= Provided data =
+---+

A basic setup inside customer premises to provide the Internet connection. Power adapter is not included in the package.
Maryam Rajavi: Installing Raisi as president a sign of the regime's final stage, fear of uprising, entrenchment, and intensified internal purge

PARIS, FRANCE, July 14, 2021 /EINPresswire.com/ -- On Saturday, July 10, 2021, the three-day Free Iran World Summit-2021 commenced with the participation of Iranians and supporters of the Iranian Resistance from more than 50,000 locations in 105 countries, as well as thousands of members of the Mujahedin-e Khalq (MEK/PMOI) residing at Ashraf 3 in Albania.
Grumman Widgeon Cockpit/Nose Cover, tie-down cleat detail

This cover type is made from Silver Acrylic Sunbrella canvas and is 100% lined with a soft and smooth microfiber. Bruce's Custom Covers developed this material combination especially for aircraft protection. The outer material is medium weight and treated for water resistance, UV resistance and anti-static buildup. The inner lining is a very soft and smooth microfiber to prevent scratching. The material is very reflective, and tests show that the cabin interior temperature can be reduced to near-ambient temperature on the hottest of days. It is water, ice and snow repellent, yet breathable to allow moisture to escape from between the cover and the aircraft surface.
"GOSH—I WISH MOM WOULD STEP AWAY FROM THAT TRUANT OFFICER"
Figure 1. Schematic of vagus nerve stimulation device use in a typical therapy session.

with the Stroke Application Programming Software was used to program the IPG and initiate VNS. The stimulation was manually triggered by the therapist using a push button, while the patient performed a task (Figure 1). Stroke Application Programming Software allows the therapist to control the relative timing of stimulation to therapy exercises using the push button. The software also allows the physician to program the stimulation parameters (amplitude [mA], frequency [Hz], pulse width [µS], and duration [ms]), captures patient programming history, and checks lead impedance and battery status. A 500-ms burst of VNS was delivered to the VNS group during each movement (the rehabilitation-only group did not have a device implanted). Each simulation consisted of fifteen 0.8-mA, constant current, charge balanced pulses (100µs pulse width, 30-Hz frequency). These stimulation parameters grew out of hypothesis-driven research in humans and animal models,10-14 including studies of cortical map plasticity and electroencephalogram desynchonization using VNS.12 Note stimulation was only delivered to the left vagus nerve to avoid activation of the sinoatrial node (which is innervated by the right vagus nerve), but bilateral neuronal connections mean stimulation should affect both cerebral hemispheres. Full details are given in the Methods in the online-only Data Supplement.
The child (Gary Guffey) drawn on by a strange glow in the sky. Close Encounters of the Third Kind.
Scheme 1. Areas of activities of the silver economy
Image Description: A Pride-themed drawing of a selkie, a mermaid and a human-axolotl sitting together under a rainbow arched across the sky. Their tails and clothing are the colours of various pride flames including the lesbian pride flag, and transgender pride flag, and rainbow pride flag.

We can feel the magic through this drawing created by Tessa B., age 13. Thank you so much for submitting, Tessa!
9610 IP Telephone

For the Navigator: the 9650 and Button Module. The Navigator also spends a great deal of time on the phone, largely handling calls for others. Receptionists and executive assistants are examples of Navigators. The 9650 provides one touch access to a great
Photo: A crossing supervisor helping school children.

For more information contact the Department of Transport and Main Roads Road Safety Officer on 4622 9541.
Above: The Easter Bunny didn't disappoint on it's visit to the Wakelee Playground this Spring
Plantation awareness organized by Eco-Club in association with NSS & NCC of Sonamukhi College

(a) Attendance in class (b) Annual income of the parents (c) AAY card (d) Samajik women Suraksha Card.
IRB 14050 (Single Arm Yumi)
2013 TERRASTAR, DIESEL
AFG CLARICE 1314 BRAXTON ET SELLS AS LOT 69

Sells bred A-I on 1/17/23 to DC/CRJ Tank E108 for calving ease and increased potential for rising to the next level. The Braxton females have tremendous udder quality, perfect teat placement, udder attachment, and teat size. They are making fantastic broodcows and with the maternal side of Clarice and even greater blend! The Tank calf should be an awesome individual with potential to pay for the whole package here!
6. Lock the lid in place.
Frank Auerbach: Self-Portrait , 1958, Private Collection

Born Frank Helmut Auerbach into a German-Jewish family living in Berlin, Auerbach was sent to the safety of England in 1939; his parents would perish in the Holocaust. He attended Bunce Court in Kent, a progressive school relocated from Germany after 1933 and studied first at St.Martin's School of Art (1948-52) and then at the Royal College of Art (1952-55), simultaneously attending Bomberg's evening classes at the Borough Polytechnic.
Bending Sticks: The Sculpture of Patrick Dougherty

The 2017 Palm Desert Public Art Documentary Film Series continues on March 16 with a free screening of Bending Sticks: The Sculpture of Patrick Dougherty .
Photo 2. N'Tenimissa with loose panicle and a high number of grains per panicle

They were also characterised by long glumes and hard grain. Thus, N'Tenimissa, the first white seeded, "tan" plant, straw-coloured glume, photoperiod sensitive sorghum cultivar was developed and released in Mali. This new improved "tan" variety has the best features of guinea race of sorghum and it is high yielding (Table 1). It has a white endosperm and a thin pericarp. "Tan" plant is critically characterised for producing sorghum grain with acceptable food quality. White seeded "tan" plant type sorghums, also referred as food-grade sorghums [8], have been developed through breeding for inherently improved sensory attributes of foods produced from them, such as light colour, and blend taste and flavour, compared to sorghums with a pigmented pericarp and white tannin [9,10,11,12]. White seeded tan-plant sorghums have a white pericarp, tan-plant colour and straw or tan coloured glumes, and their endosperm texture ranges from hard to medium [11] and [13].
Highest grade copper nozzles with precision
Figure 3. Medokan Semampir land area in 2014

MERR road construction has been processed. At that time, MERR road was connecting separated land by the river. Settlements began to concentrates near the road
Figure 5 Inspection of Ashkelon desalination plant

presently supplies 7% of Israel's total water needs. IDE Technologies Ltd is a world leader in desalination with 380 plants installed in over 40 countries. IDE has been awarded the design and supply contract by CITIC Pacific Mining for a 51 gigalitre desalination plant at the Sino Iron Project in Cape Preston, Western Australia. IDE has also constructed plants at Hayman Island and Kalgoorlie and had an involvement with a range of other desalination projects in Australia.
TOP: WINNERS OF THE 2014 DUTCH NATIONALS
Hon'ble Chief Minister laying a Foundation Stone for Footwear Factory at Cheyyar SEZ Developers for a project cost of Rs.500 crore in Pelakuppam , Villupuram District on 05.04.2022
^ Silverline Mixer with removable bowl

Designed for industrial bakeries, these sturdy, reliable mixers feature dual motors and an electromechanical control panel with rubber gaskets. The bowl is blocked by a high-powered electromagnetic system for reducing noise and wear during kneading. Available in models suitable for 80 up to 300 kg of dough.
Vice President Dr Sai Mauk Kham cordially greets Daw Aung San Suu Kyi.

+---+

= Work request =
Output each line of the records above exactly, beginning at the first, and stop once the line containing "Figure 1. Schematic" has been output.

= Response to the task =
A basic setup inside customer premises to provide the Internet connection. Power adapter is not included in the package.
Maryam Rajavi: Installing Raisi as president a sign of the regime's final stage, fear of uprising, entrenchment, and intensified internal purge

PARIS, FRANCE, July 14, 2021 /EINPresswire.com/ -- On Saturday, July 10, 2021, the three-day Free Iran World Summit-2021 commenced with the participation of Iranians and supporters of the Iranian Resistance from more than 50,000 locations in 105 countries, as well as thousands of members of the Mujahedin-e Khalq (MEK/PMOI) residing at Ashraf 3 in Albania.
Grumman Widgeon Cockpit/Nose Cover, tie-down cleat detail

This cover type is made from Silver Acrylic Sunbrella canvas and is 100% lined with a soft and smooth microfiber. Bruce's Custom Covers developed this material combination especially for aircraft protection. The outer material is medium weight and treated for water resistance, UV resistance and anti-static buildup. The inner lining is a very soft and smooth microfiber to prevent scratching. The material is very reflective, and tests show that the cabin interior temperature can be reduced to near-ambient temperature on the hottest of days. It is water, ice and snow repellent, yet breathable to allow moisture to escape from between the cover and the aircraft surface.
"GOSH—I WISH MOM WOULD STEP AWAY FROM THAT TRUANT OFFICER"
Figure 1. Schematic of vagus nerve stimulation device use in a typical therapy session.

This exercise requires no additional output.